Copy the data exactly. Images are to be left out.

▶ _Recorded data_
----

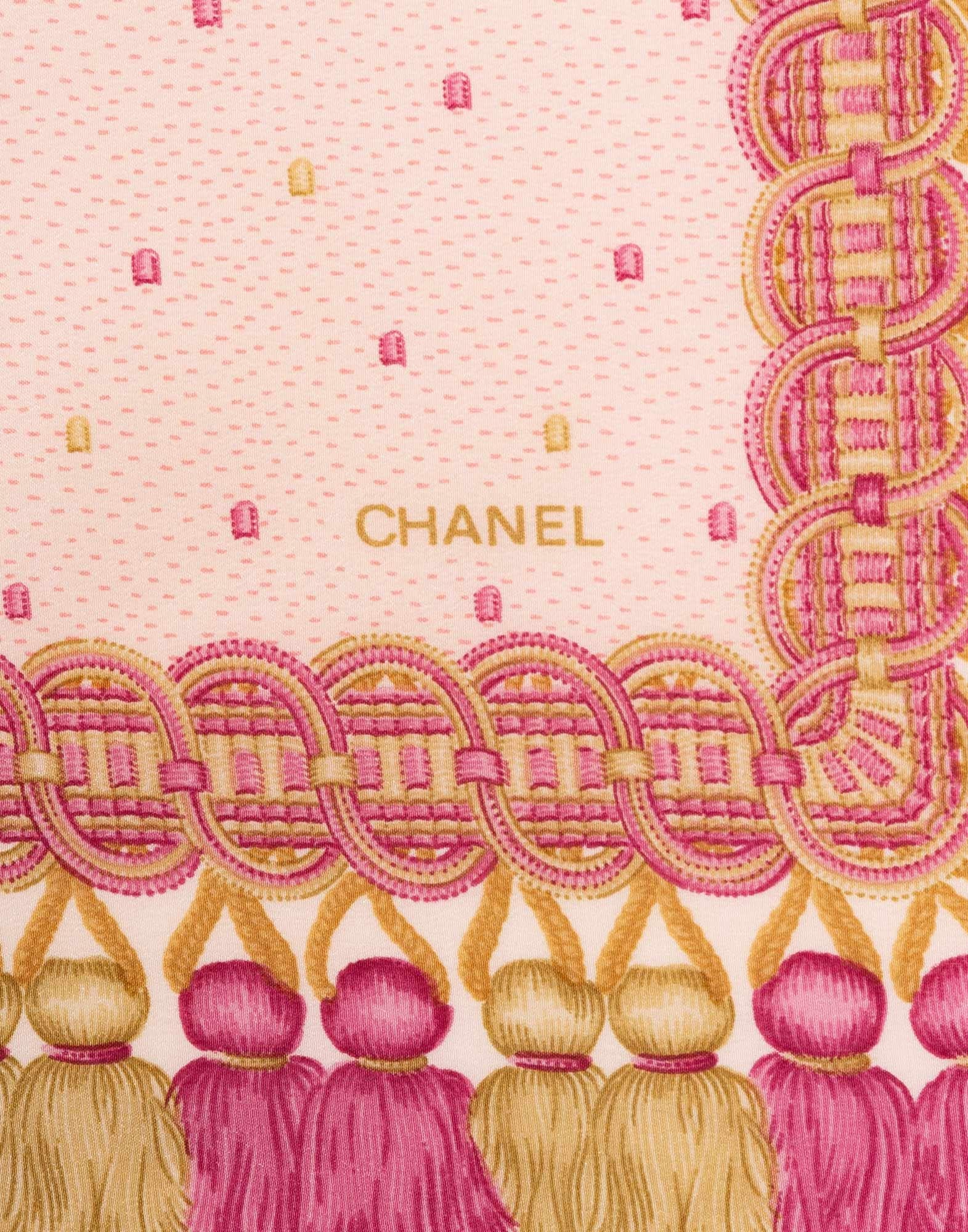 Chanel - Roze jacquard zijden sjaal uit de jaren 90
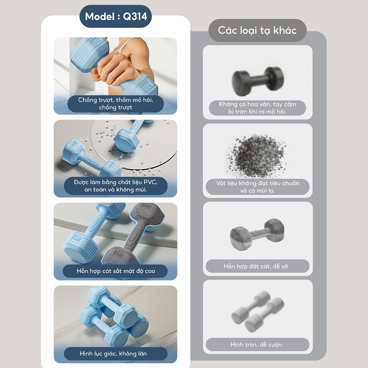 * Thông tin cơ bản : Tạ tay nữ nhỏ gọn lõi sắt bọc nhựa cao cấp JH-0618 - Chất liệu: Sắt nguyên khối phủ cao su - Lớp cao su êm ái, vận động lâu
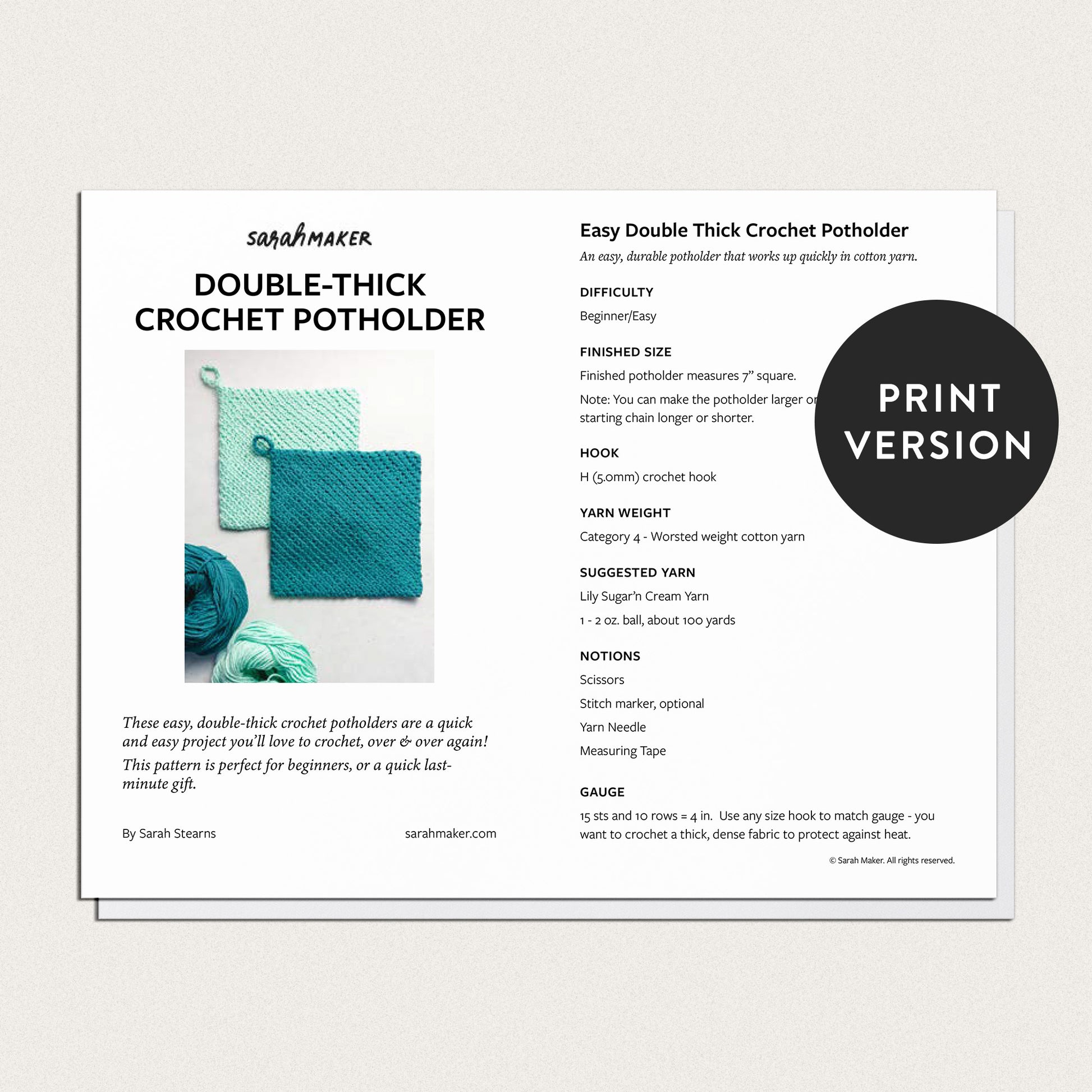These easy, double-thick crochet potholders are a quick and easy project you’ll love to crochet, over and over again. This free pattern uses a simple combination of basic crochet stitches, so it’s easy to learn and quick to make. And, since the potholders are made out of cotton yarn, they’re durable and machine washable.
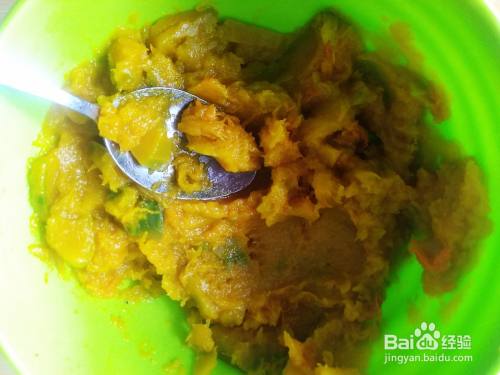 然后拿出来放到盘中,用勺子压成瓜泥。
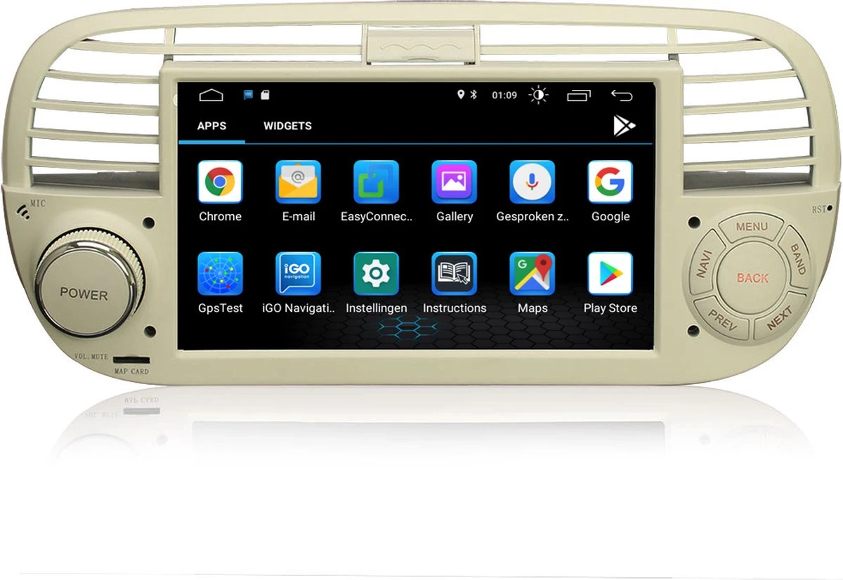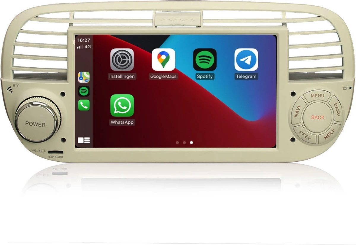 De DVL-87348 beige-kleurige multimedia autoradio voor Fiat 500 van 2007 t/m 2015 is afkomstig uit de Davilon® 8-Serie en is voorzien van alle soorten opties die u vandaag de dag van een multimedia apparaat mag verwachten. De mogelijkheid om online en offline gratis in alle verschillende talen naar alle landen te navigeren, luisteren naar uw favoriete muziek via Spotify en uiteraard het handsfree bellen en muziek streamen via Bluetooth met zowel een IPhone als iedere andere smartphone. Je kunt de autoradio voorzien van internet door verbinding te maken met Wifi router of je persoonlijke telefoon-hotspot. Deze autoradio heeft de specifieke eigenschap dat het ventilatierooster van de Fiat 500 open of gesloten kan worden, dit is een optie die andere merken niet hebben.
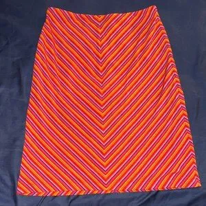 Stylish A-line skirt with vibrant chevron design. Features striking red and pink colors. Perfect for a bold look.
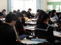 三年生の教室でも書写に取り組んでいました。とてもよい姿勢で書いている生徒もいて、...
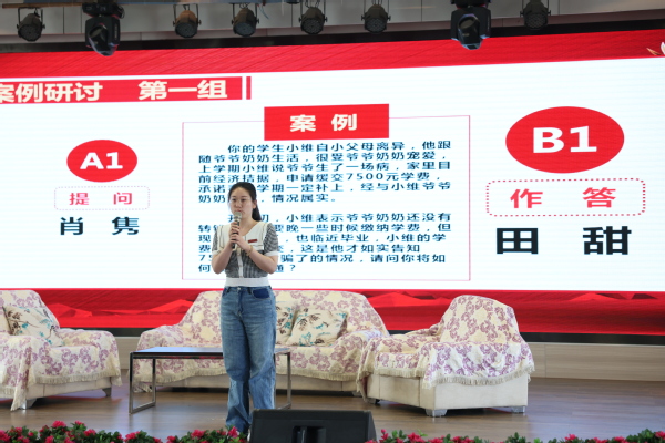 本次比赛“案例研讨”环节以A、B选手“一问一答”交替进行的方式展开,各参赛辅导员围绕心理健康教育、学生学习生活、学生思想教育、突发事件等案例进行分析研讨;“谈心谈话”环节主要是各参赛辅导员通过情景再现的方式,模拟与学生面对面交谈的场景。在比赛中,各参赛辅导员们思路清晰、逻辑缜密、分析合理、处理得当,表现出了优良的政治素质、理论水平、专业素养和职业能力。
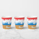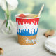 Tazas de papel de cumpleaños personalizables con diseño de conos de helado americanos y purpurina. Un diseño super adorable de helado en tres colores, rojo, blanco y azul, con purpurina de estrellas a juego, todo sobre un cono de waffle en la parte inferior.
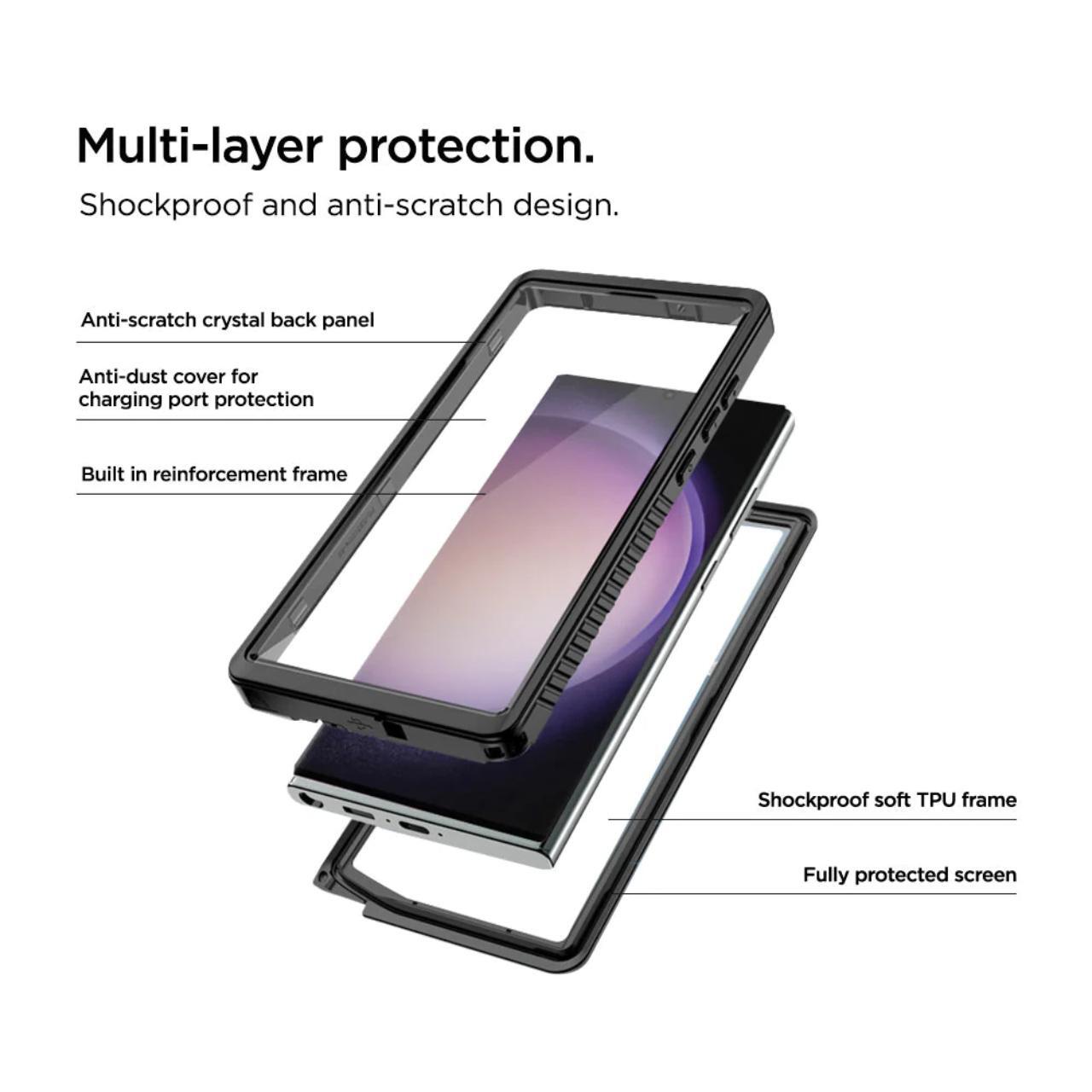 Husa Avalanche pentru Samsung Galaxy S24 Ultra de la Eiger, ofera cele mai inalte niveluri de protectie pe tot parcursul anului pentru telefonul dumneavoastra, a fost facuta pentru a rezista pana la 30 de minute sub apa la o adancime de 1 m/3ft si pentru a gestiona scaderi de pana la 2m/6ft.
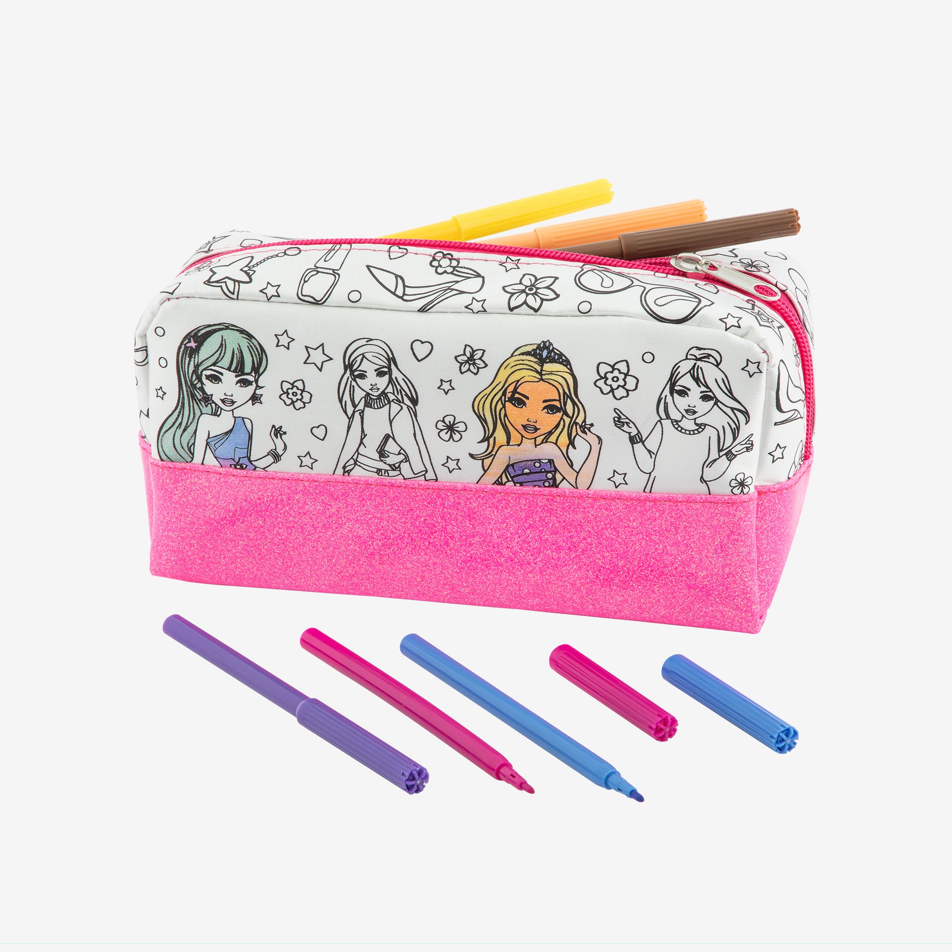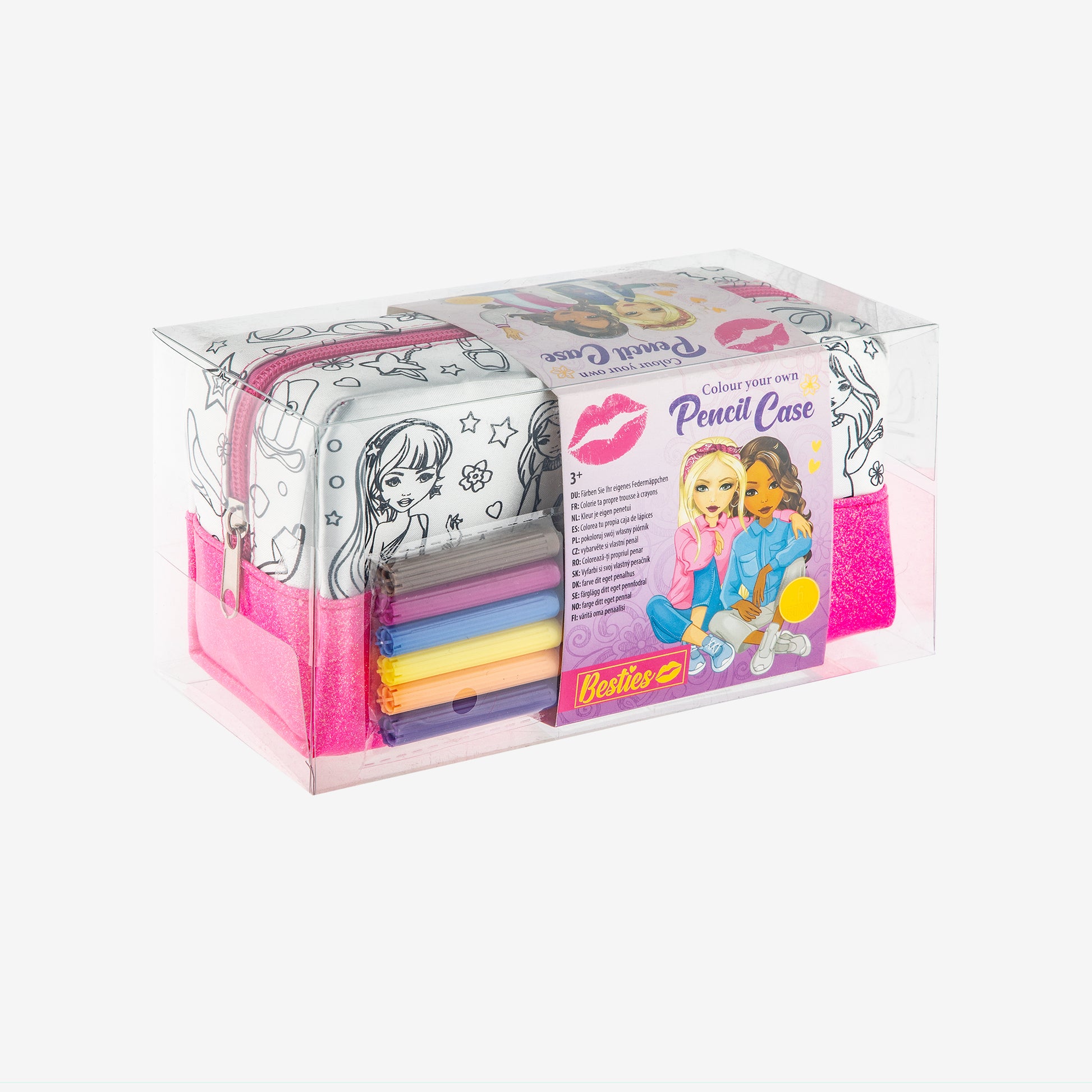 El estuche luce un precioso estampado de Besties a la moda, listo para que tu pequeña lo coloree y luego lo utilice.

----

▶ _Solution_
 Chanel - Roze jacquard zijden sjaal uit de jaren 90
 * Thông tin cơ bản : Tạ tay nữ nhỏ gọn lõi sắt bọc nhựa cao cấp JH-0618 - Chất liệu: Sắt nguyên khối phủ cao su - Lớp cao su êm ái, vận động lâu
These easy, double-thick crochet potholders are a quick and easy project you’ll love to crochet, over and over again. This free pattern uses a simple combination of basic crochet stitches, so it’s easy to learn and quick to make. And, since the potholders are made out of cotton yarn, they’re durable and machine washable.
 然后拿出来放到盘中,用勺子压成瓜泥。
 De DVL-87348 beige-kleurige multimedia autoradio voor Fiat 500 van 2007 t/m 2015 is afkomstig uit de Davilon® 8-Serie en is voorzien van alle soorten opties die u vandaag de dag van een multimedia apparaat mag verwachten. De mogelijkheid om online en offline gratis in alle verschillende talen naar alle landen te navigeren, luisteren naar uw favoriete muziek via Spotify en uiteraard het handsfree bellen en muziek streamen via Bluetooth met zowel een IPhone als iedere andere smartphone. Je kunt de autoradio voorzien van internet door verbinding te maken met Wifi router of je persoonlijke telefoon-hotspot. Deze autoradio heeft de specifieke eigenschap dat het ventilatierooster van de Fiat 500 open of gesloten kan worden, dit is een optie die andere merken niet hebben.
 Stylish A-line skirt with vibrant chevron design. Features striking red and pink colors. Perfect for a bold look.
 三年生の教室でも書写に取り組んでいました。とてもよい姿勢で書いている生徒もいて、...
 本次比赛“案例研讨”环节以A、B选手“一问一答”交替进行的方式展开,各参赛辅导员围绕心理健康教育、学生学习生活、学生思想教育、突发事件等案例进行分析研讨;“谈心谈话”环节主要是各参赛辅导员通过情景再现的方式,模拟与学生面对面交谈的场景。在比赛中,各参赛辅导员们思路清晰、逻辑缜密、分析合理、处理得当,表现出了优良的政治素质、理论水平、专业素养和职业能力。
 Tazas de papel de cumpleaños personalizables con diseño de conos de helado americanos y purpurina. Un diseño super adorable de helado en tres colores, rojo, blanco y azul, con purpurina de estrellas a juego, todo sobre un cono de waffle en la parte inferior.
 Husa Avalanche pentru Samsung Galaxy S24 Ultra de la Eiger, ofera cele mai inalte niveluri de protectie pe tot parcursul anului pentru telefonul dumneavoastra, a fost facuta pentru a rezista pana la 30 de minute sub apa la o adancime de 1 m/3ft si pentru a gestiona scaderi de pana la 2m/6ft.
 El estuche luce un precioso estampado de Besties a la moda, listo para que tu pequeña lo coloree y luego lo utilice.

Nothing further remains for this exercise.